Furthermore it is relevant to note that the defendant was naturalized under the liberal provisions of the Nationality Act of 1940, designed specifically for those in the armed forces.19 This circumstance strengthens our conviction that the government has established no tenable basis for this action.
We are fully aware of the unsavory background of this particular defendant. But the very fact that extrinsic considerations may operate to make the government zealous in its prosecution should make the courts equally zealous to see that there be conformance to the letter and spirit of the naturalization laws.
No criticism is implied of the Justice Department’s “deportation program” with respect to naturalized racketeers, noted in the Supreme Court’s recent opinion in Shaughnessy v. United States ex rel.

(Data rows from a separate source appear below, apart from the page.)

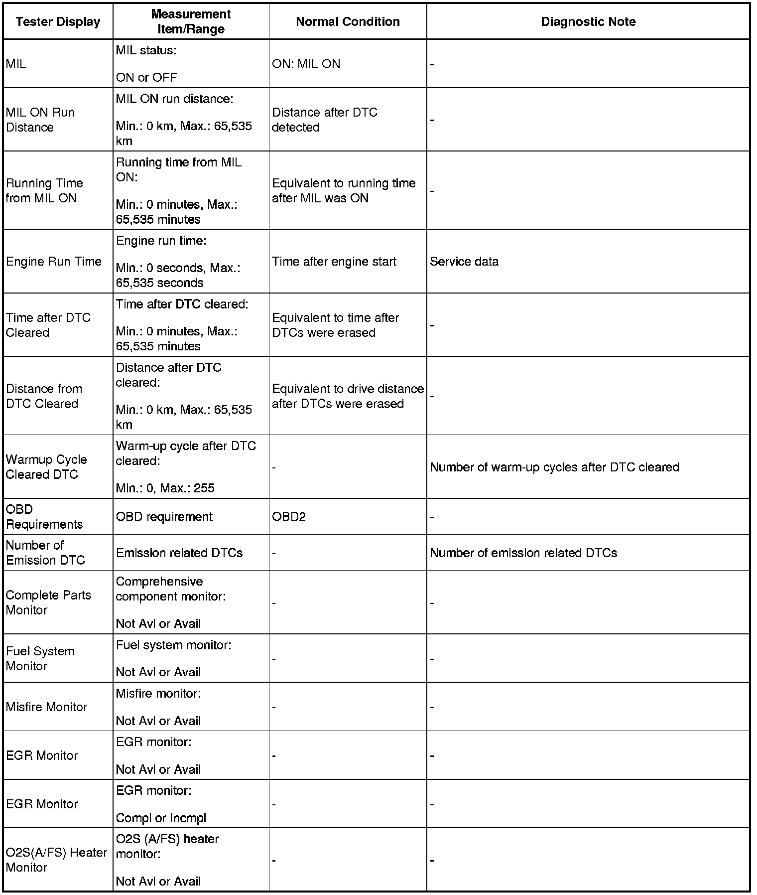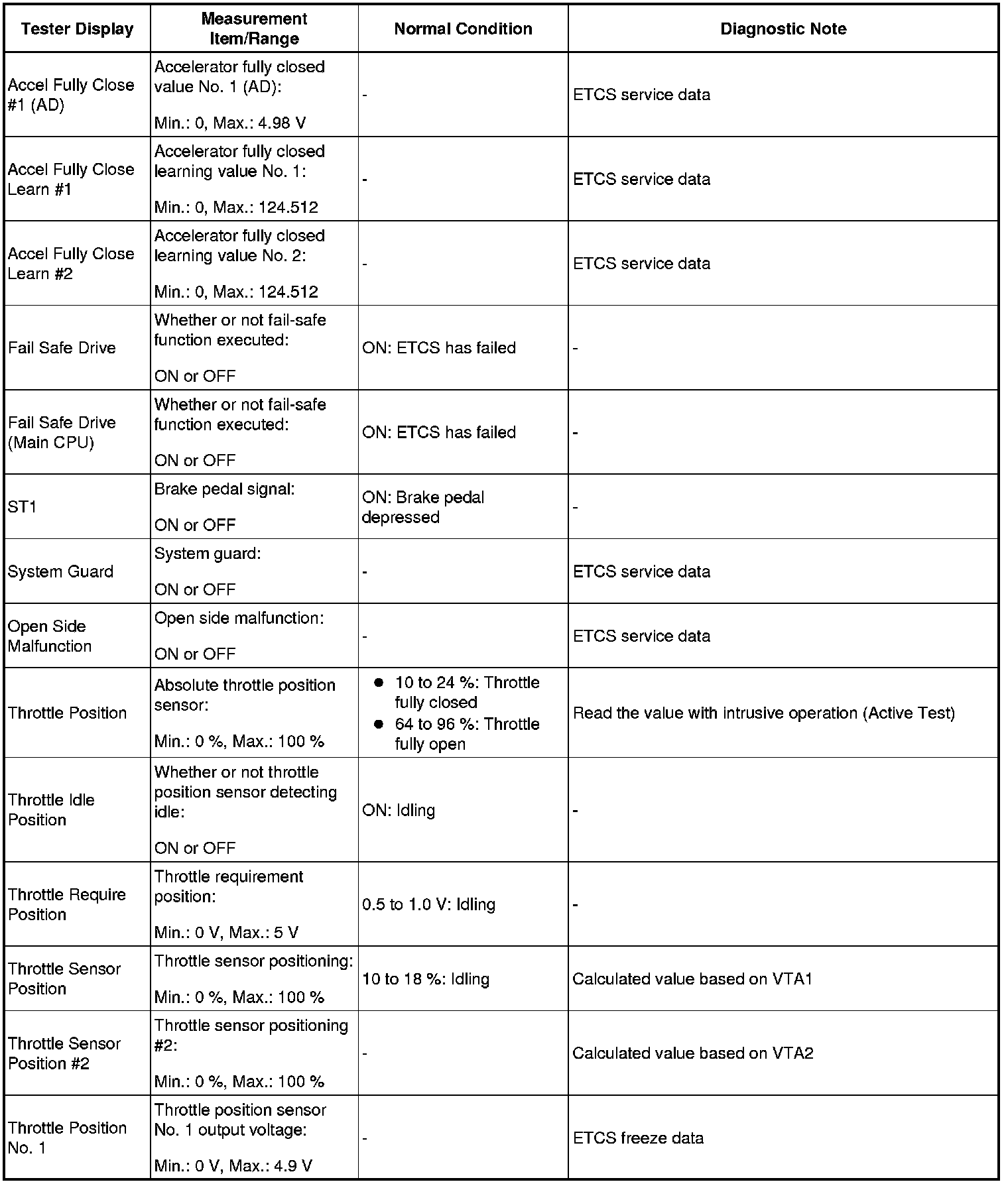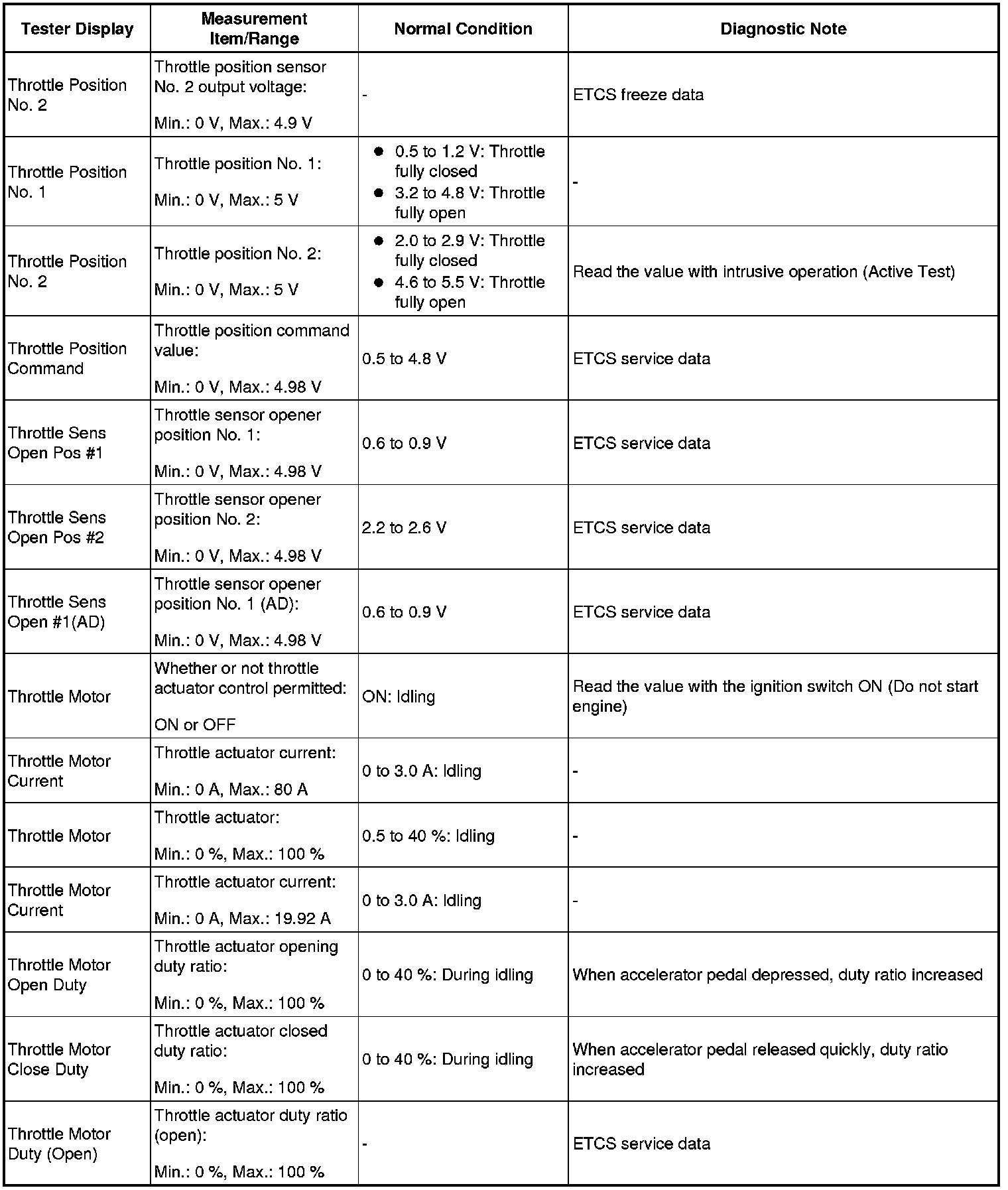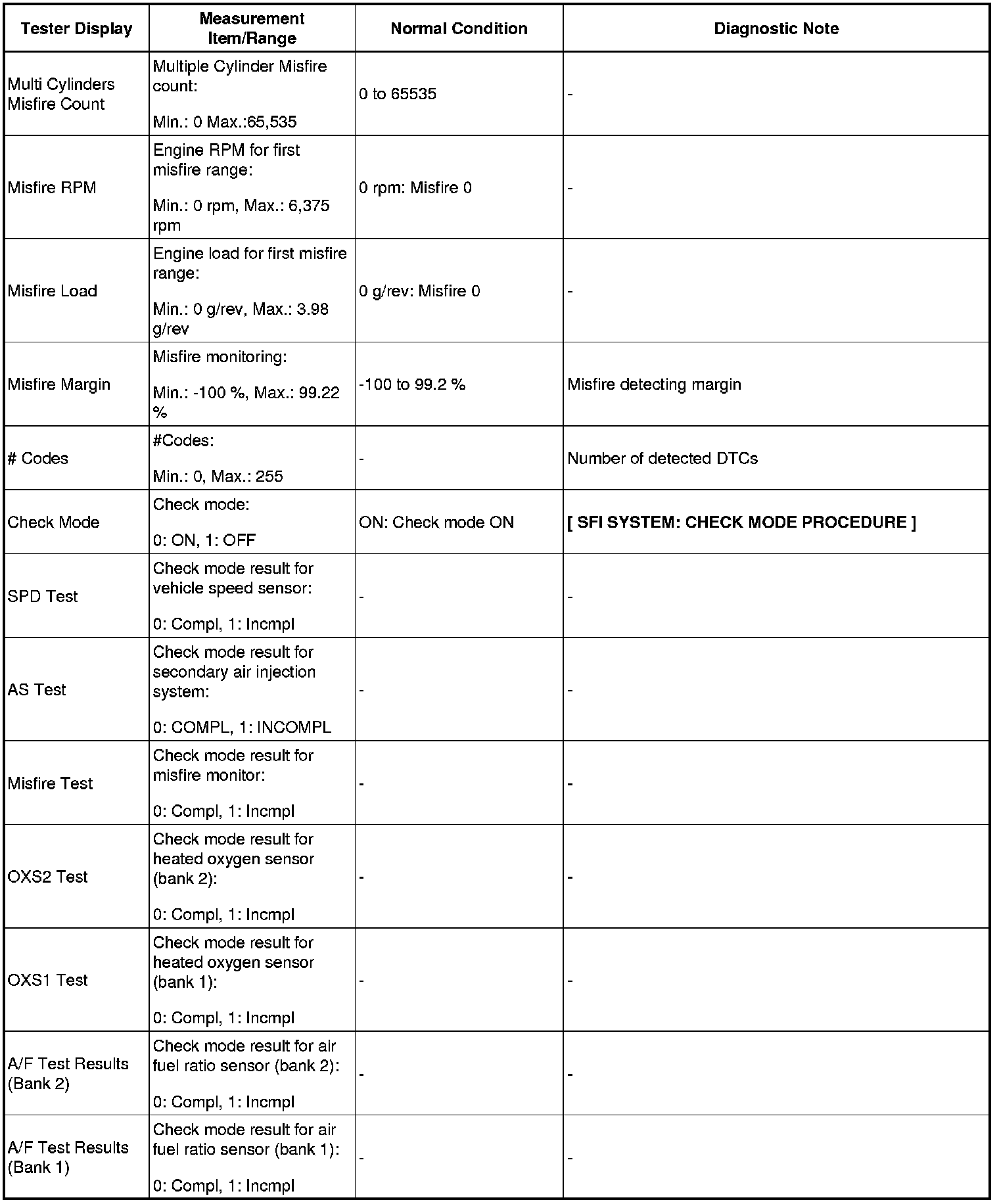NOTICE: In the table below, the values listed under "Normal Condition" are reference values. Do not depend solely on these reference values when deciding whether a part is faulty or not.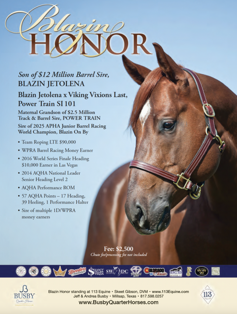 Among his winning progeny are multiple winners in the team roping including Blazin Merada, the 2024 Reserve Champion at the Riata #10.5 Youth with Hoyt Darnall. On the barrel pattern, Blazin Honor’s offspring Blazin On By is the 2025 APHA Junior Barrel Racing World Champion.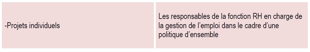 Ce second axe inclut les projets découlant de la politique de la GRH de l’entreprise. En effet, en fonction de ces projets et de la situation actuelle des ressources humaines, l’entreprise pourra avoir des projets de mobilité, de recrutement qui créent des besoins de formation.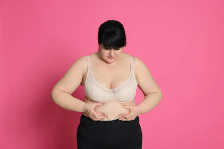 Side view of unrecognizable fat plump woman holding unzipped shorts, showing excess naked abdomen on blue background.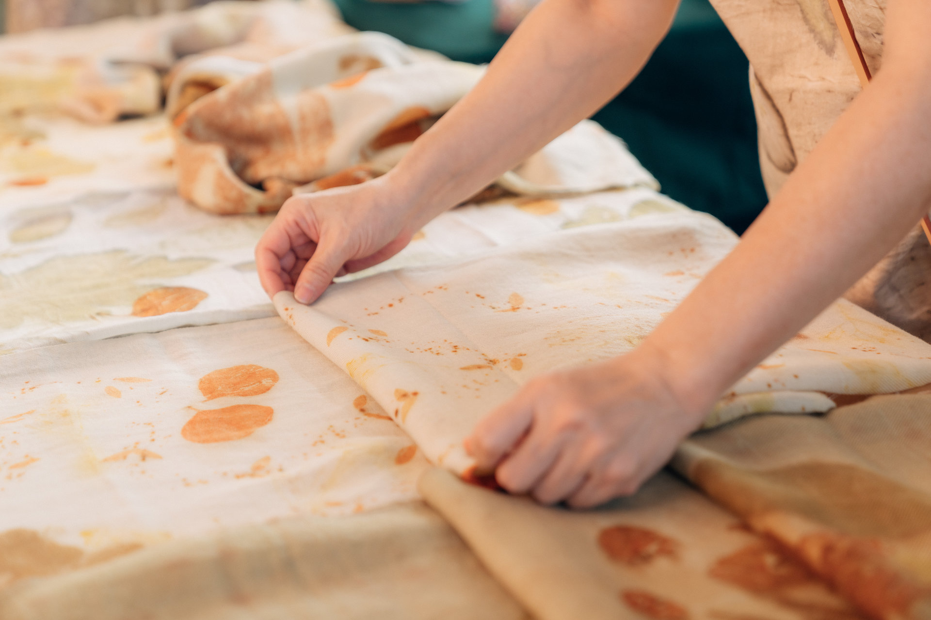 3.花葉移印染課程中由專業的徐東城老師教學,課堂中學會使用天然染材創作花葉移印染獨特色彩及染製技巧,並將四季花葉的美麗姿態印染出獨一無二花布。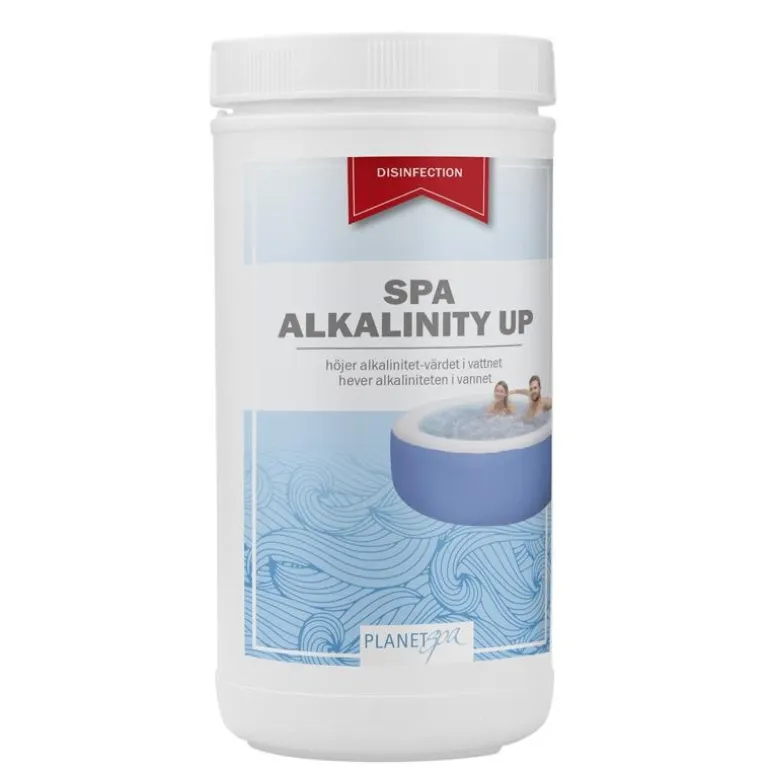 Planet Spa Alkalinity Up on desinfiointiaine (rakeet), jota käytetään emäksisyyden lisäämiseen ja pH-arvon vakauttamiseen. Pakkaus sisältää 1 kg rakeita.

Aecardi, 349 U.S. 280, 75 S.Ct. 746, but no matter how worthy the cause or its objective, the courts cannot lose sight of the fact that this is a government by law and not men nor against men.
The courts must be less concerned with what one undesirable citizen can do if he is permitted to retain his citizenship and residence in this country than with what one bad precedent-making decision can do.20
For the reasons stated the judgment of the District Court will be reversed and vacated.